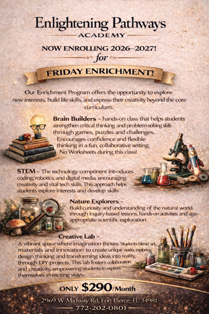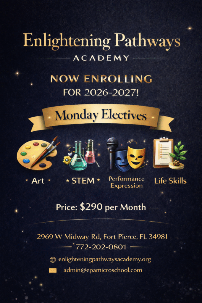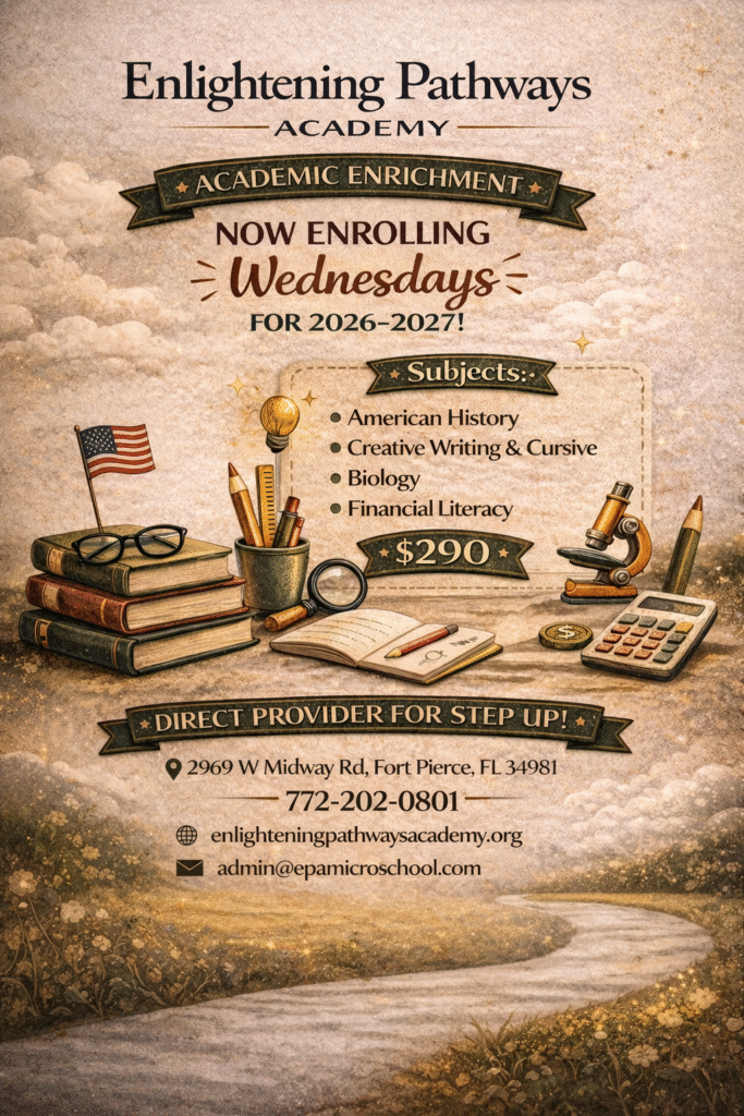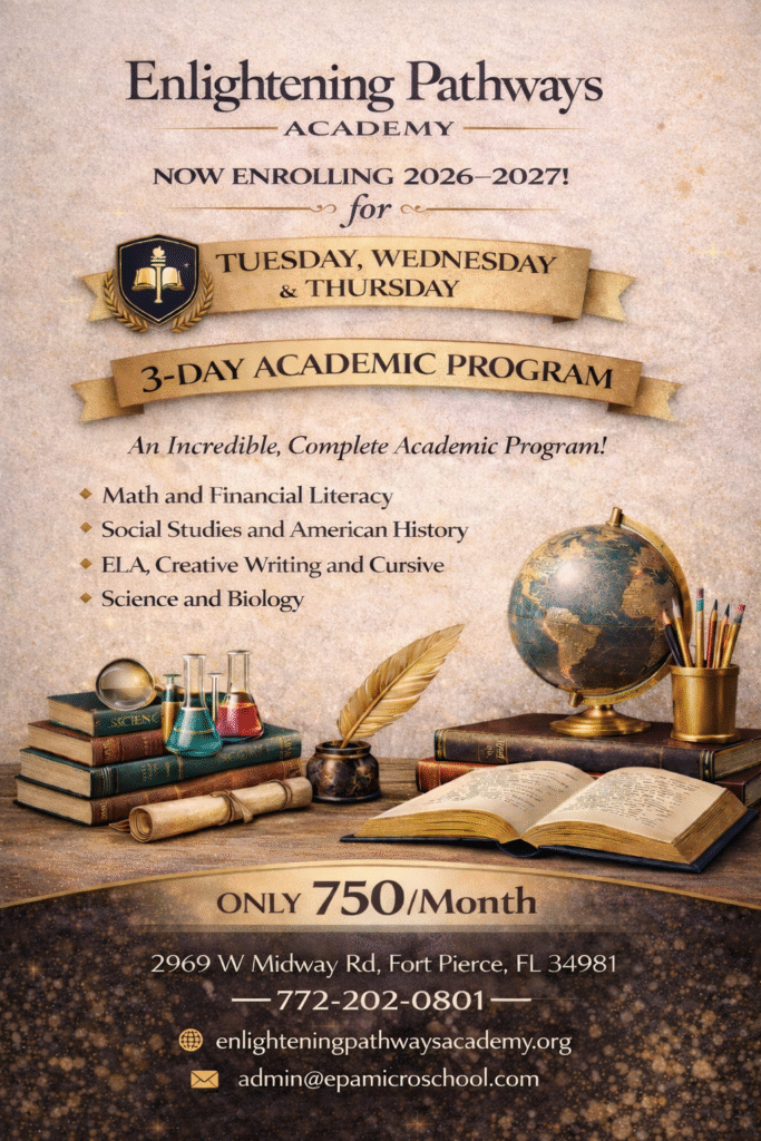 Give your child a complete and enriching educational experience with our 3-Day Academic Program at Enlightening Pathways Academy. Designed for students in grades 1st–8th, this program combines the full academic offerings of our Tuesdays & Thursdays curriculum with the enriching subjects from our Wednesday program.
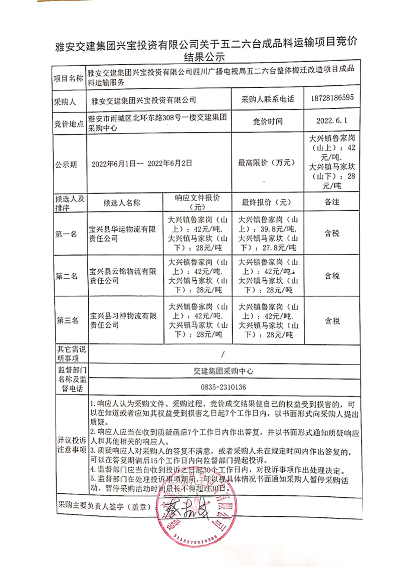 亿万先生MR集团兴宝投资有限公司关于五二六台成品料运输项目竞价结果公示
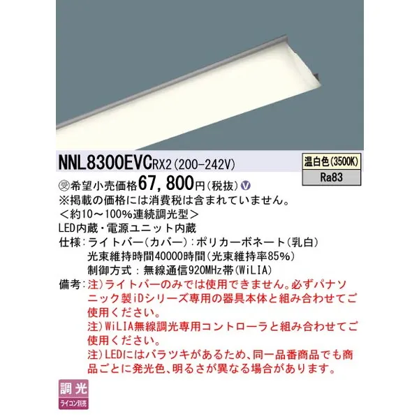 パナソニック 施設照明器具 LEDベースライト ライトバー NNL8300EVCRX2
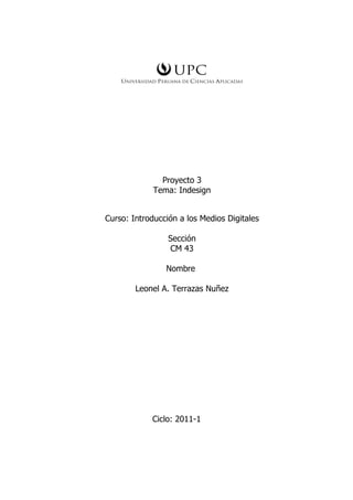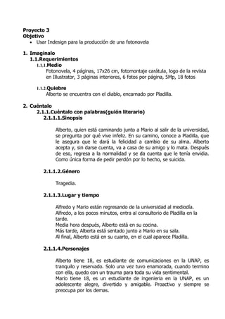Este documento presenta un proyecto en InDesign sobre una fotonovela. La historia trata sobre un estudiante llamado Alberto que se encuentra infeliz y conoce a un hombre llamado Pladilla que le ofrece felicidad a cambio de su alma. Al aceptar, Alberto termina asesinando a su amigo Mario. Después se da cuenta de lo que hizo y se suicida. El proyecto incluye requisitos, sinopsis, género, personajes y un guión literario detallado de la historia.

■ Problem to solve: In the data above, find the line containing "亿万先生MR集团兴宝投资有限公司关于五二六台成品料运输项目竞价结果公示"; from there, please write out each line through the end, exactly, with the pictures omitted.

■ Problem solution:
 亿万先生MR集团兴宝投资有限公司关于五二六台成品料运输项目竞价结果公示
 パナソニック 施設照明器具 LEDベースライト ライトバー NNL8300EVCRX2
Este documento presenta un proyecto en InDesign sobre una fotonovela. La historia trata sobre un estudiante llamado Alberto que se encuentra infeliz y conoce a un hombre llamado Pladilla que le ofrece felicidad a cambio de su alma. Al aceptar, Alberto termina asesinando a su amigo Mario. Después se da cuenta de lo que hizo y se suicida. El proyecto incluye requisitos, sinopsis, género, personajes y un guión literario detallado de la historia.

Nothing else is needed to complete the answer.